Saved data entries:
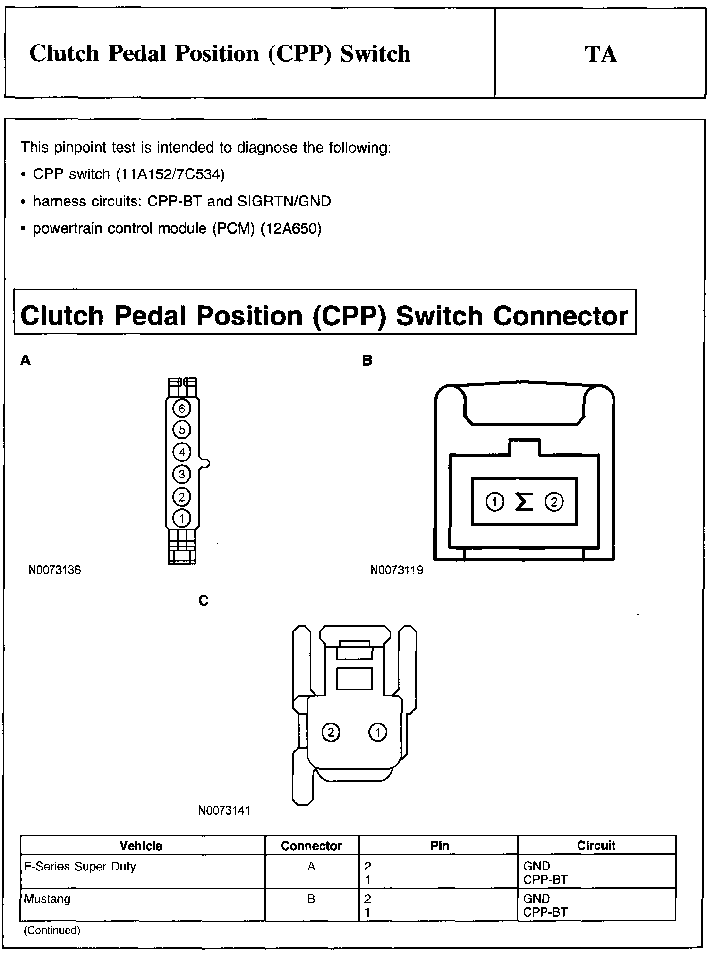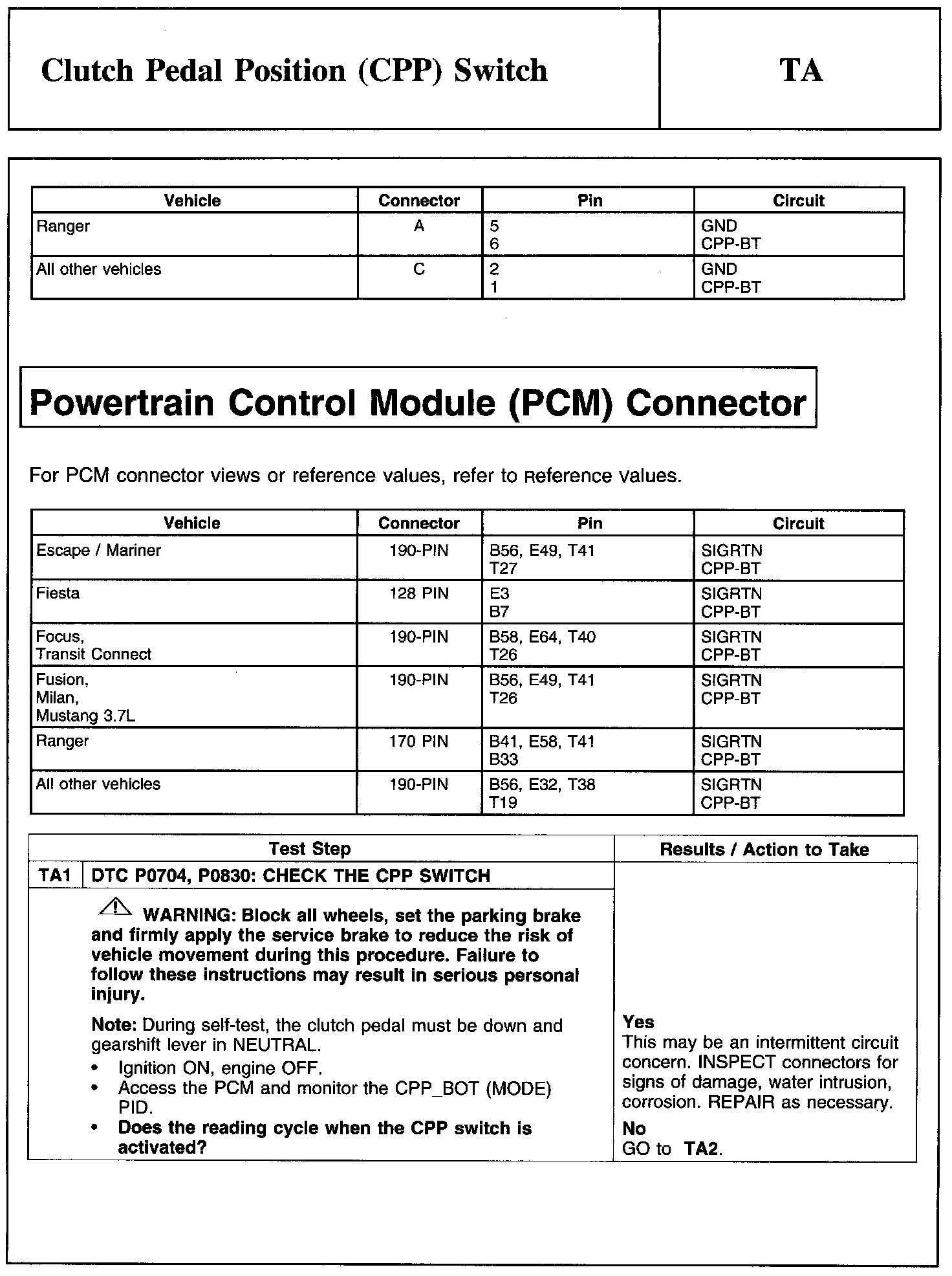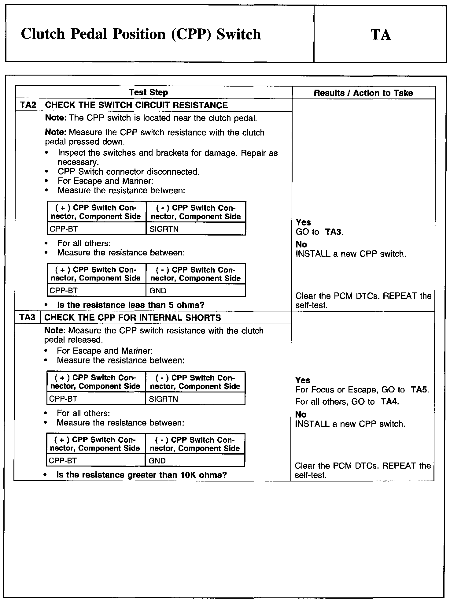 PINPOINT TEST TA: CLUTCH PEDAL POSITION (CPP) SWITCH
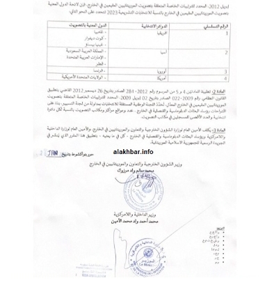 وكالة السواحل للانباء(نواكشوط):وقع وزيرا الداخلية واللا مركزية محمد أحمد ولد ولد محمد الأمين، والخارجية محمد سالم ولد مرزوك مقررا مشتركا حددا بموجبه ثماني دول في أربع قارات، يحق للجاليات الموريتانية فيها التصويت في الانتخابات القادمة.
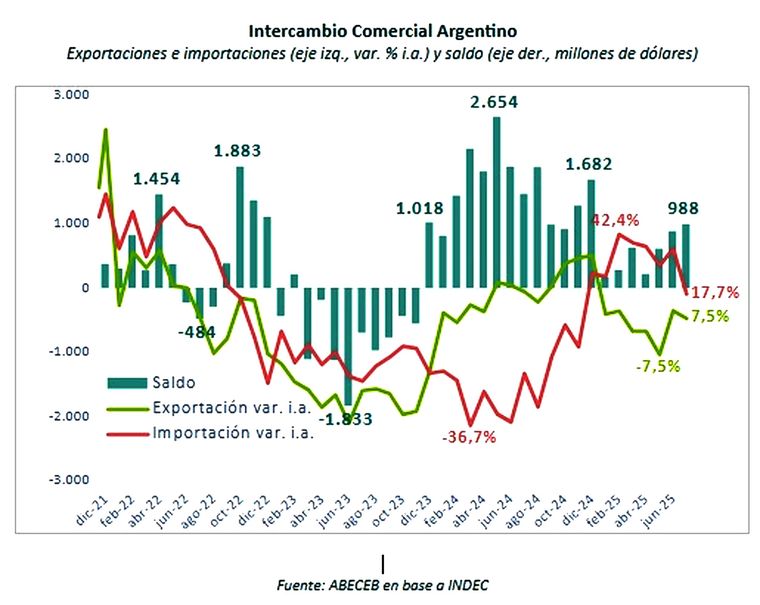 Los precios de las exportaciones crecieron levemente en términos interanuales un 1,3%, mientras que los precios de las importaciones cayeron un 4,1%, resultando en una mejora de los términos de intercambio de 5,6% respecto a julio de 2024. Esto provocó una mejora en el saldo de la balanza comercial de casi $400 millones, según el informe de la consultora ABECEB.
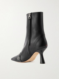 Aeyde's 'Halima' boots are modeled on styles from the early aughts. Crafted in Italy from polished leather, they have sharp toes framed by silver-tone buckle straps. Wear yours with cropped jeans or a midi dress to show off the cool detail. Lower-Impact Materials. This product is made using at least 50% lower-impact materials or ingredients. Find out more about our NET SUSTAIN criteria here.
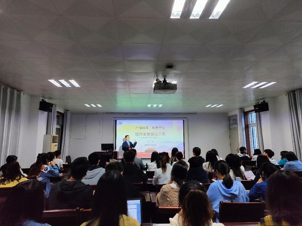 刘国华老师首先领学了党的二十大报告中有关党的建设的重要论述,并解读了党章修改内容。接着肯定了公管院学生党建工作具备扎实的工作基础,指出今年韩国三级 入选“全国党建工作示范高校”培育创建单位,对基层党建工作提出了更高质量的要求。随后以《严格标准,知责于心,规范发展党员工作》为题,讲述了发展党员工作总体要求和工作规范,强调规范发展党员程序、确保党员档案的完整性和真实性是基础性工作;并结合韩国三级 党员发展工作实际,分析了各学院党员发展过程中存在的共性和个性问题,提出学院党建工作要做好顶层设计、支委会要做好责任分工、发展过程要紧抓预审环节,多方合力共同做好党员发展工作。最后以党的二十大报告中习近平总书记对青年的寄语勉励青年党员要坚定信仰、敢于担当、勇毅勤奋、主动作为,将青春奉献到党和人民的事业中。

### Task details
Write out each entry again exactly, and skip the pictures.

### Final answer
 PINPOINT TEST TA: CLUTCH PEDAL POSITION (CPP) SWITCH
 وكالة السواحل للانباء(نواكشوط):وقع وزيرا الداخلية واللا مركزية محمد أحمد ولد ولد محمد الأمين، والخارجية محمد سالم ولد مرزوك مقررا مشتركا حددا بموجبه ثماني دول في أربع قارات، يحق للجاليات الموريتانية فيها التصويت في الانتخابات القادمة.
 Los precios de las exportaciones crecieron levemente en términos interanuales un 1,3%, mientras que los precios de las importaciones cayeron un 4,1%, resultando en una mejora de los términos de intercambio de 5,6% respecto a julio de 2024. Esto provocó una mejora en el saldo de la balanza comercial de casi $400 millones, según el informe de la consultora ABECEB.
 Aeyde's 'Halima' boots are modeled on styles from the early aughts. Crafted in Italy from polished leather, they have sharp toes framed by silver-tone buckle straps. Wear yours with cropped jeans or a midi dress to show off the cool detail. Lower-Impact Materials. This product is made using at least 50% lower-impact materials or ingredients. Find out more about our NET SUSTAIN criteria here.
 刘国华老师首先领学了党的二十大报告中有关党的建设的重要论述,并解读了党章修改内容。接着肯定了公管院学生党建工作具备扎实的工作基础,指出今年韩国三级 入选“全国党建工作示范高校”培育创建单位,对基层党建工作提出了更高质量的要求。随后以《严格标准,知责于心,规范发展党员工作》为题,讲述了发展党员工作总体要求和工作规范,强调规范发展党员程序、确保党员档案的完整性和真实性是基础性工作;并结合韩国三级 党员发展工作实际,分析了各学院党员发展过程中存在的共性和个性问题,提出学院党建工作要做好顶层设计、支委会要做好责任分工、发展过程要紧抓预审环节,多方合力共同做好党员发展工作。最后以党的二十大报告中习近平总书记对青年的寄语勉励青年党员要坚定信仰、敢于担当、勇毅勤奋、主动作为,将青春奉献到党和人民的事业中。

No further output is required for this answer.